Webmatters Title
Webmatters : Villers-Bretonneux : The first tank against tank battle
Rough map of area


Tank against Tank

Sixteen kilometres to the east of Amiens, along the D 1029 towards Peronne, is the small town of Villers-Bretonneux. Just before you reach you cross the railway line and then at the bottom of the hill you will see signs for the village of Cachy — to the right if coming from Amiens.

Take the D 168 and within a kilometre take the road to your left fro Villers-Bretonneux. A few hundred metres on you left hand side you will see a small monument.

Decimal 49.86047 2.49622 Map

The Villers-Bretonneux Tank Battle plaque


A new weapon

The British had pioneered the use of Landships and in September 1916 the first tanks had taken part in the battle of the Somme. Initially used piecemeal it was eventually conceded that they had greater potential when used en masse in support of infantry.

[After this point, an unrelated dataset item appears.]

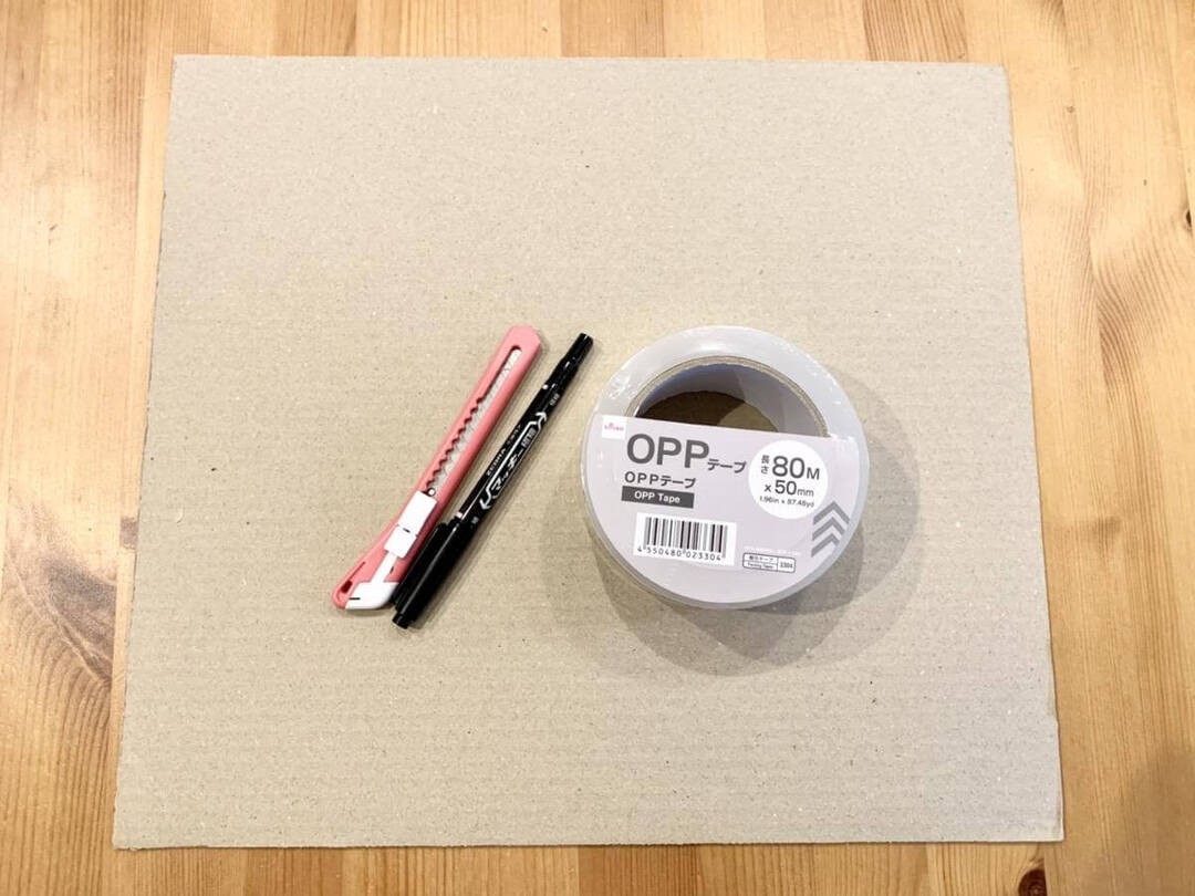 用意するのは、段ボールと100均でも売られている梱包用のOPPテープ。あとはマジックやカッターです。少し薄めの段ボールのほうが、カットしやすいのでおすすめ。

In 1917 the French followed the British, introducing their own lumbering beasts. A smaller and lighter French tank built by the Renault company would, however, become the mother of all modern tanks as it was the first to be equipped with a revolving turret.

At the Battle of Cambrai in November 1917 the British used over three hundred tanks to smash their way through parts of the Hindenburg Line. Bells were rung back in Britain but the success was to be short lived as the infantry failed to maintain the ground that had been won.

Surprisingly, the German Army didn’t really seem that interested in the tank as a weapon. They soon realised its shortcomings and adapted artillery to act as anti-tank weapons.

However, they did try using some captured British machines and developed a tank designated the A7V. At thirty-eight tons and with a crew of eighteen it looked like a mobile blockhouse rather than a fighting machine. Only twenty were ever built.

There is a model of the one, captured by the Australians in the museum — the original “Mephisto” is on display in Australia.


24 April 1918

The Villers-Bretonneux Tank Battle plaque

Looking from the plaque towards Villers-Bretonneux the view in front of you is slightly changed from that had by a section of three British tanks on the morning of 24 April 1918.

The Germans had been shelling the area with gas and explosives since 0345 hours in an attempt to dislodge the British and Australian troops who held the town. For once the Germans had been using tanks and a number of their A7Vs had caused considerable damage.

The British tanks started to move towards the town when suddenly from out of the mist and at a range of about 300 metres there appeared an A7V.

Whilst heavily armoured, the A7V only had six machine guns and a 57mm cannon. Against this, two of the British tanks were only equipped with machine guns whilst the third vehicle was armed with 6 pounder cannons.

The British designated their tanks with cannon, males and those with machine-guns, females. On the battlefield, the females with their multiple machine-guns tended to be more efficient in dealing with the enemy infantry.

The two female tanks soon realised that they were not so much out matched by the German machine but rather, simply ineffectual against it.

It was up to the remaining male which had continued to close on its adversary whilst it had been preoccupied. Finally getting within effective range it opened fire forcing the German machine to retire.